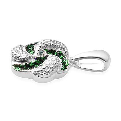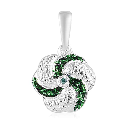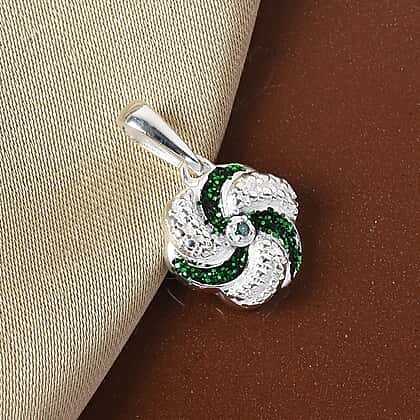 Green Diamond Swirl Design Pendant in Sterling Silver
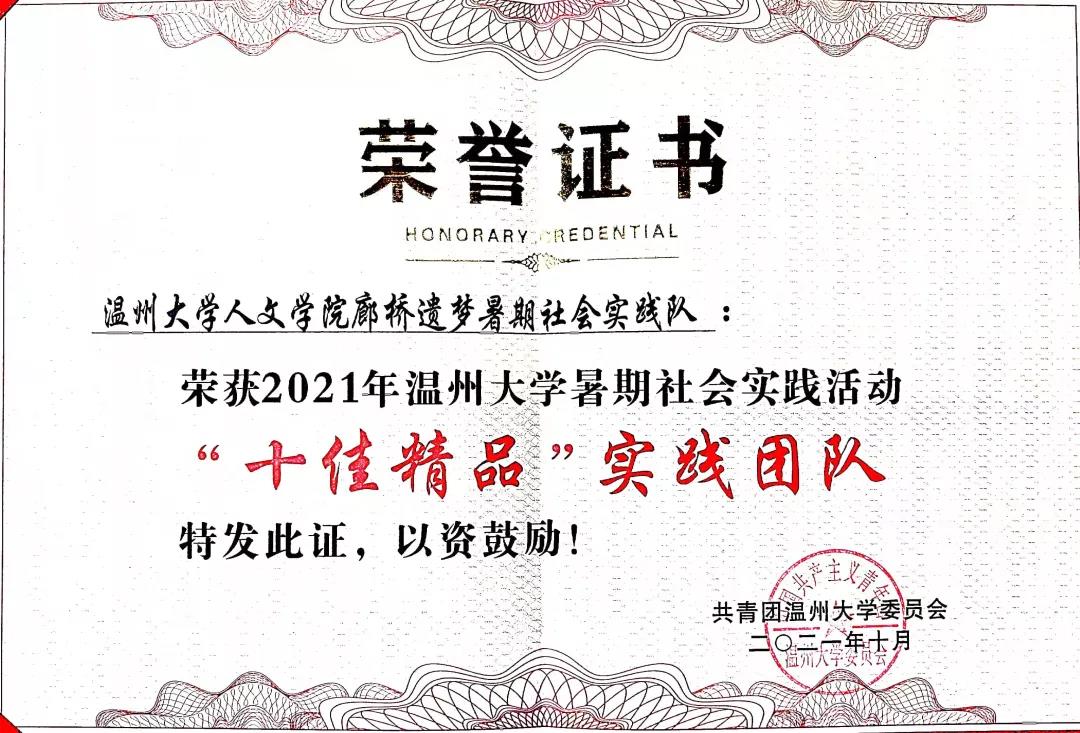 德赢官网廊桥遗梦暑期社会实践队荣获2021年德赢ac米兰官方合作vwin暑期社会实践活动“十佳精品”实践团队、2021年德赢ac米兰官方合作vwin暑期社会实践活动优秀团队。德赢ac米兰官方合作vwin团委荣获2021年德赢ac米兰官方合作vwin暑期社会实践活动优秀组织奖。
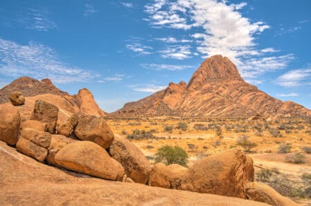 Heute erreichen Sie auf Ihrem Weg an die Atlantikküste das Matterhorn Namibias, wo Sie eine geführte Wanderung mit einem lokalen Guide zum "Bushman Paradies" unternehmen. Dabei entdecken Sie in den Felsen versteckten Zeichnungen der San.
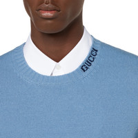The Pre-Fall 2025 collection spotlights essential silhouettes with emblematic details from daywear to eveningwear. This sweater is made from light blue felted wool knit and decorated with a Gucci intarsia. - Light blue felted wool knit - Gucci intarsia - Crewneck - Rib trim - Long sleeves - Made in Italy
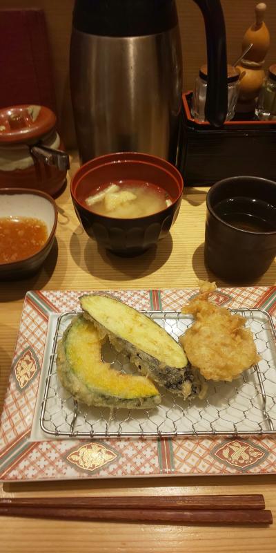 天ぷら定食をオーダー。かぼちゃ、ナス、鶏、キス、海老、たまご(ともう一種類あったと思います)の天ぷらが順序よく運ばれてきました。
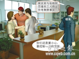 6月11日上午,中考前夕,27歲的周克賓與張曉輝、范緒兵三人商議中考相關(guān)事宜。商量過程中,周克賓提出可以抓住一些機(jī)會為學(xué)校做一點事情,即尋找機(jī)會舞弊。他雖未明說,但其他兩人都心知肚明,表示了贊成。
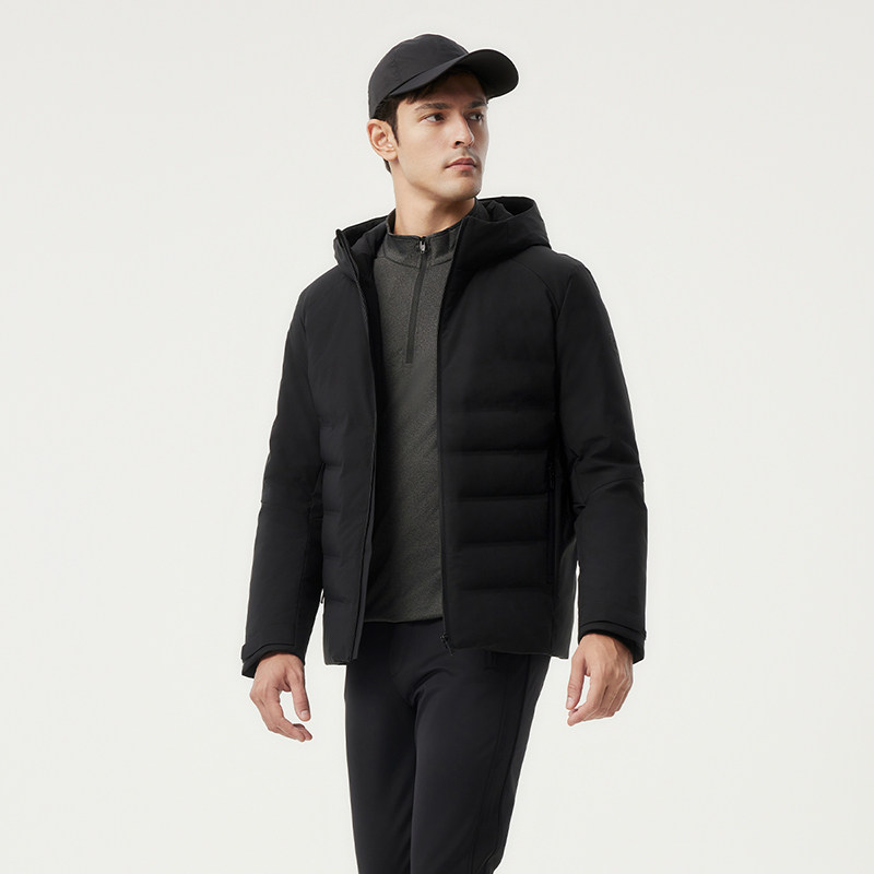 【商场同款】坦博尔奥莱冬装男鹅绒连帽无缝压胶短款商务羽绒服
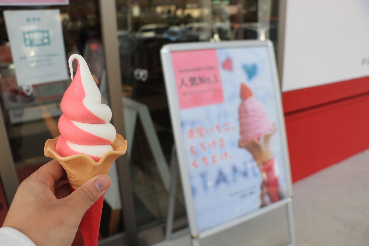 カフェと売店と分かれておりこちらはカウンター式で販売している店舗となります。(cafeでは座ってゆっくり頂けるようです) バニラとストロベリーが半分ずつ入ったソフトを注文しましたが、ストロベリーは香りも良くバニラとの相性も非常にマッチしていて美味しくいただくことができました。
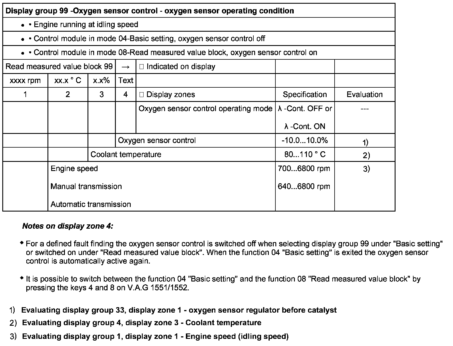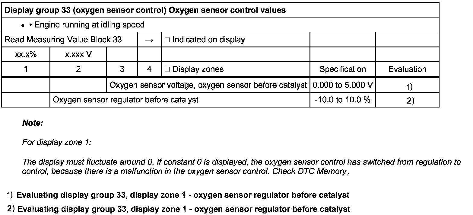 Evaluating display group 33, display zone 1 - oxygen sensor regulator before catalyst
■ ■ ■ ■ ■
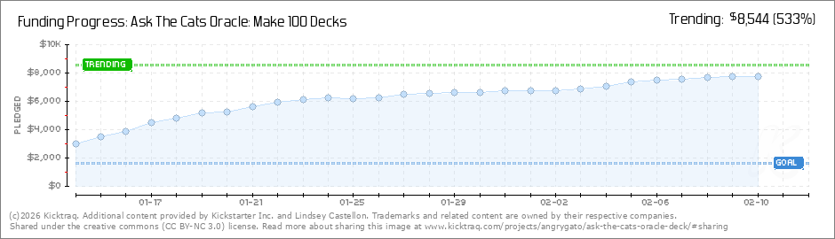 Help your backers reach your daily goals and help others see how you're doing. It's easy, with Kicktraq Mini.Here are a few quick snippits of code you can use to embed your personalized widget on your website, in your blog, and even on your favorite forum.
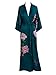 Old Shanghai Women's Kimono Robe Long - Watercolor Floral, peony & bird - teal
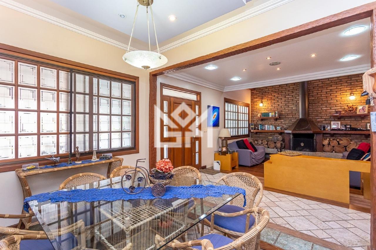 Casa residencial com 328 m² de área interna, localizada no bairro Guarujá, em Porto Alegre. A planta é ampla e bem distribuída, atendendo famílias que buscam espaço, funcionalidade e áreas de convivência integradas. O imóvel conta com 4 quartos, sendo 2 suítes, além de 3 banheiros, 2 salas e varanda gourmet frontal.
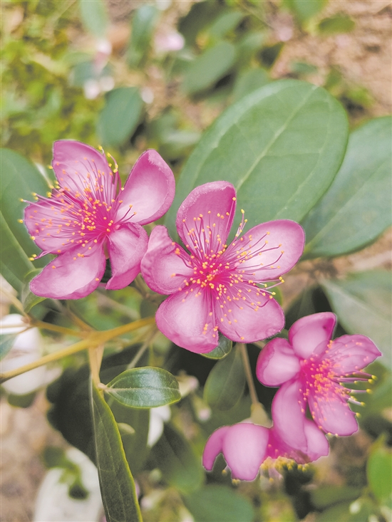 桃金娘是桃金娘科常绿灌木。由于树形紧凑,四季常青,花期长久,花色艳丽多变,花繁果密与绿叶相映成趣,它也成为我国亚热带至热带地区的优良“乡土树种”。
■ ■ ■ ■ ■
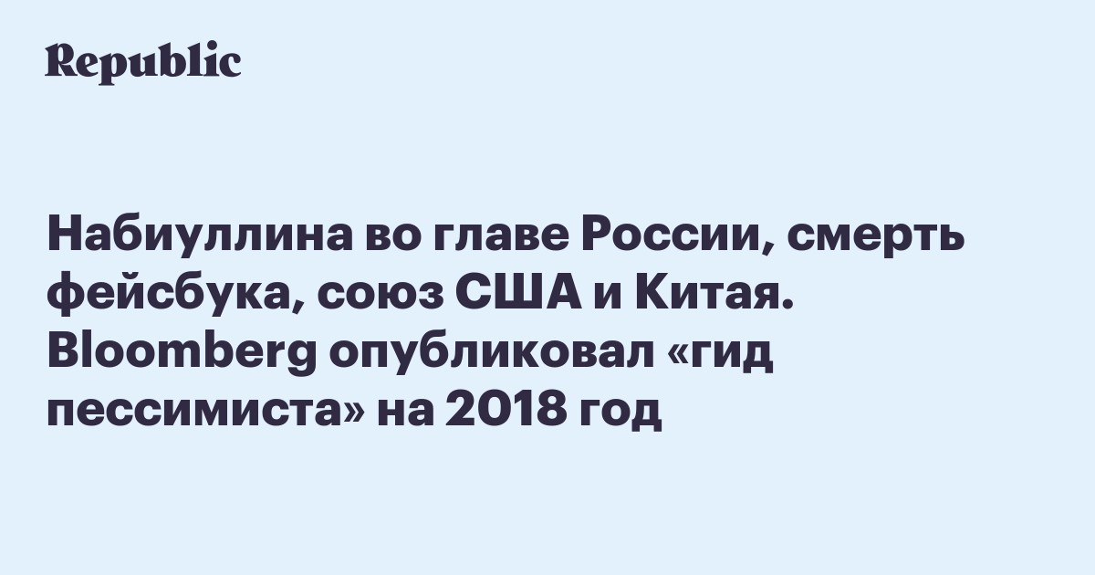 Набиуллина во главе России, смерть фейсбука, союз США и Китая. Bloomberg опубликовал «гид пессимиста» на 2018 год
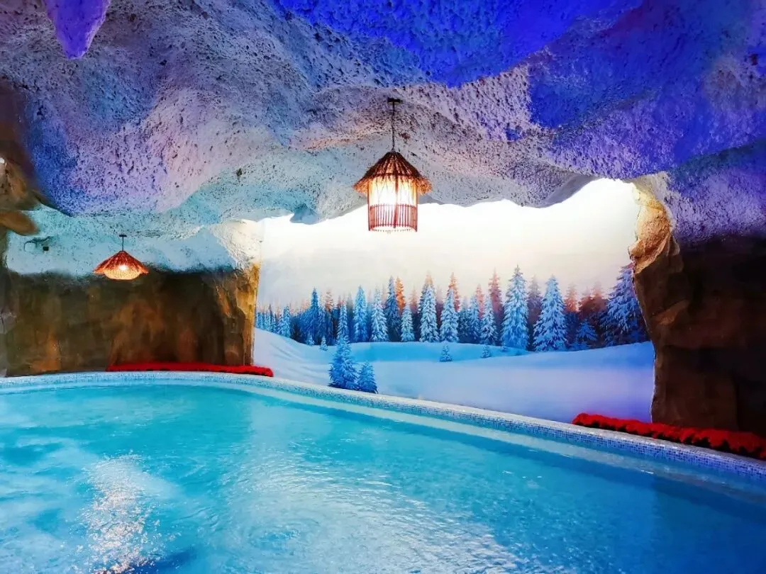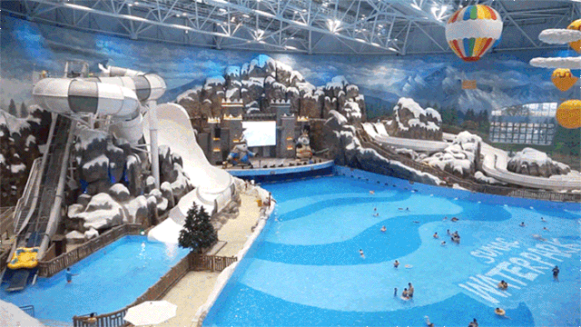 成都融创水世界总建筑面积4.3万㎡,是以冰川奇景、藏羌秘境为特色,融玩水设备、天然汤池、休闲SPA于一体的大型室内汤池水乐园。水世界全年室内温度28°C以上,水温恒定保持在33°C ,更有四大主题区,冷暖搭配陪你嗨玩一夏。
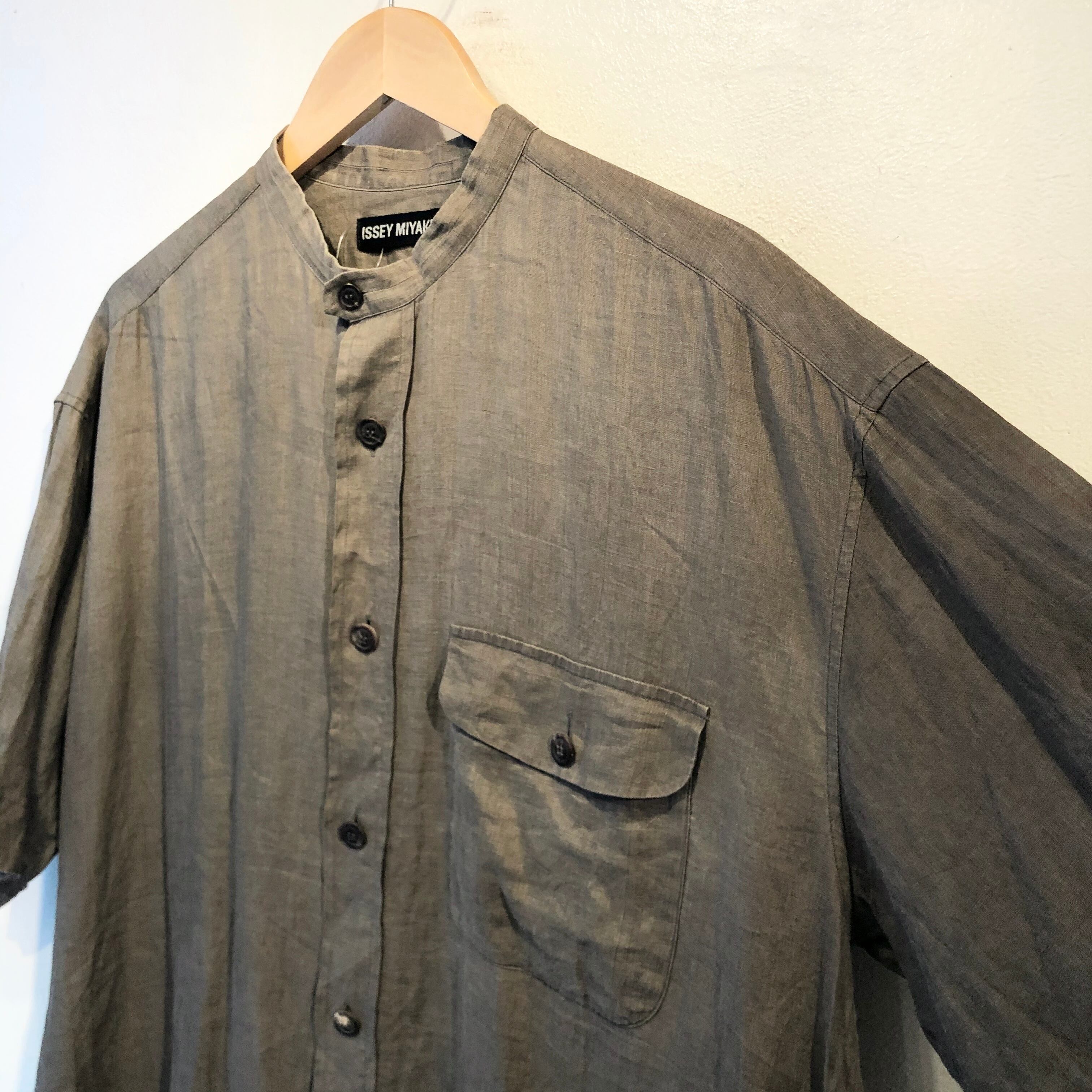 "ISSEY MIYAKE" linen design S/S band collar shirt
■ ■ ■ ■ ■
**Instructions to follow**
Retype, exactly and with no pictures, everything above from the line with "Green Diamond Swirl" down to the line with "The Pre-Fall 2025", both included.

**Task solution**
 Green Diamond Swirl Design Pendant in Sterling Silver
 德赢官网廊桥遗梦暑期社会实践队荣获2021年德赢ac米兰官方合作vwin暑期社会实践活动“十佳精品”实践团队、2021年德赢ac米兰官方合作vwin暑期社会实践活动优秀团队。德赢ac米兰官方合作vwin团委荣获2021年德赢ac米兰官方合作vwin暑期社会实践活动优秀组织奖。
 Heute erreichen Sie auf Ihrem Weg an die Atlantikküste das Matterhorn Namibias, wo Sie eine geführte Wanderung mit einem lokalen Guide zum "Bushman Paradies" unternehmen. Dabei entdecken Sie in den Felsen versteckten Zeichnungen der San.
The Pre-Fall 2025 collection spotlights essential silhouettes with emblematic details from daywear to eveningwear. This sweater is made from light blue felted wool knit and decorated with a Gucci intarsia. - Light blue felted wool knit - Gucci intarsia - Crewneck - Rib trim - Long sleeves - Made in Italy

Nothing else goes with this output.